Difference to spreadsheet software (Lotus 1-2-3 and later Excel): Mainframe and PC/Mac versions of IFPS completely separated the logic model (connections between variables) and the data. Both were bound together by data placeholder (like "earnings in Year1" in the logic model - to easily run scenarios . (Spreadsheet) columns were represented by Name1, Name2, name3 etc. The model logic was written in lines with placeholder- oriented text ( "earnings=sales-costs" etc.). Comment lines on the model could be included anywhere with //. IFPS mainframe versions also allowed to simulate stochastic events by providing a range of probability distributions. The IFPS approach made it easy to communicate complex models even to laymen and managers.

IFPS was eventually out-competed by spreadsheets.

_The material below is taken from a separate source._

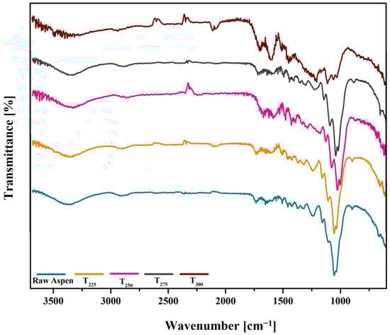 The FTIR spectra of raw and torrefied aspen samples at various temperatures are shown in Figure 4. The broad absorption band between 3600 and 3200 cm⁻1 corresponds to O–H stretching vibrations due to moisture and hydroxyl groups present in cellulose, hemicellulose, and lignin [45]. The intensity of this absorption band decreased notably with increasing torrefaction temperature, indicating moisture loss and hydroxyl group decomposition. C–H stretching vibrations associated with polysaccharides and lignin appeared between 3000 and 2800 cm⁻1, and their intensity diminished progressively with higher pretreatment temperatures, demonstrating the breakdown and fragmentation of aliphatic C–H bonds [46]. Absorption peaks observed in the 1750–1600 cm⁻1 region correspond to C=O stretching vibrations from carbonyl groups in lignin, esters, acetyl groups in xylan, and carboxylic acids [46,47]. The intensity of these peaks decreased significantly in the torrefied samples, reflecting hemicellulose decomposition and loss of associated oxygenated functional groups. The peak around 1510 cm⁻1 is assigned to C=C stretching vibrations within aromatic structures [43]. Additionally, distinct bands between 1250 and 1000 cm⁻1 are associated with C–O–C vibrations, C–H bending, asymmetric C–O–C stretching vibrations in polysaccharides, and C–O vibrations from guaiacyl rings and alcohols [47]. These bands were prominent in raw aspen but exhibited notable intensity reductions with increasing torrefaction temperatures, indicating substantial carbohydrate degradation. The FTIR results thus highlight progressive structural changes in biomass, characterised by moisture reduction, hemicellulose degradation, and volatilisation, ultimately forming a structurally condensed, carbon-rich material [33].

IFPS was an essential financial model-development tool for long range planning and strategic planning, popular business practices in the 1980s. As an "English-like" language, IFPS made it very simple to express relationships among financial concepts without having to worry about sequential logic, as the program would figure out dependencies among variables. This allowed for simple creation of both financial and managerial accounting statements. I was fortunate to work with IFPS for over ten years as an analyst at Champlin Petroleum aka. Union Pacific Resources. I also attended seminars and conferences put on by Gerald Wagner and his team at EXECUCOM. I believe it was the rise of risk management in the commodity industries over "assumption-based" techniques like long range planning, rather than spreadsheets per se, which contributed to IFPS loss in popularity. [Edit by David Benepe]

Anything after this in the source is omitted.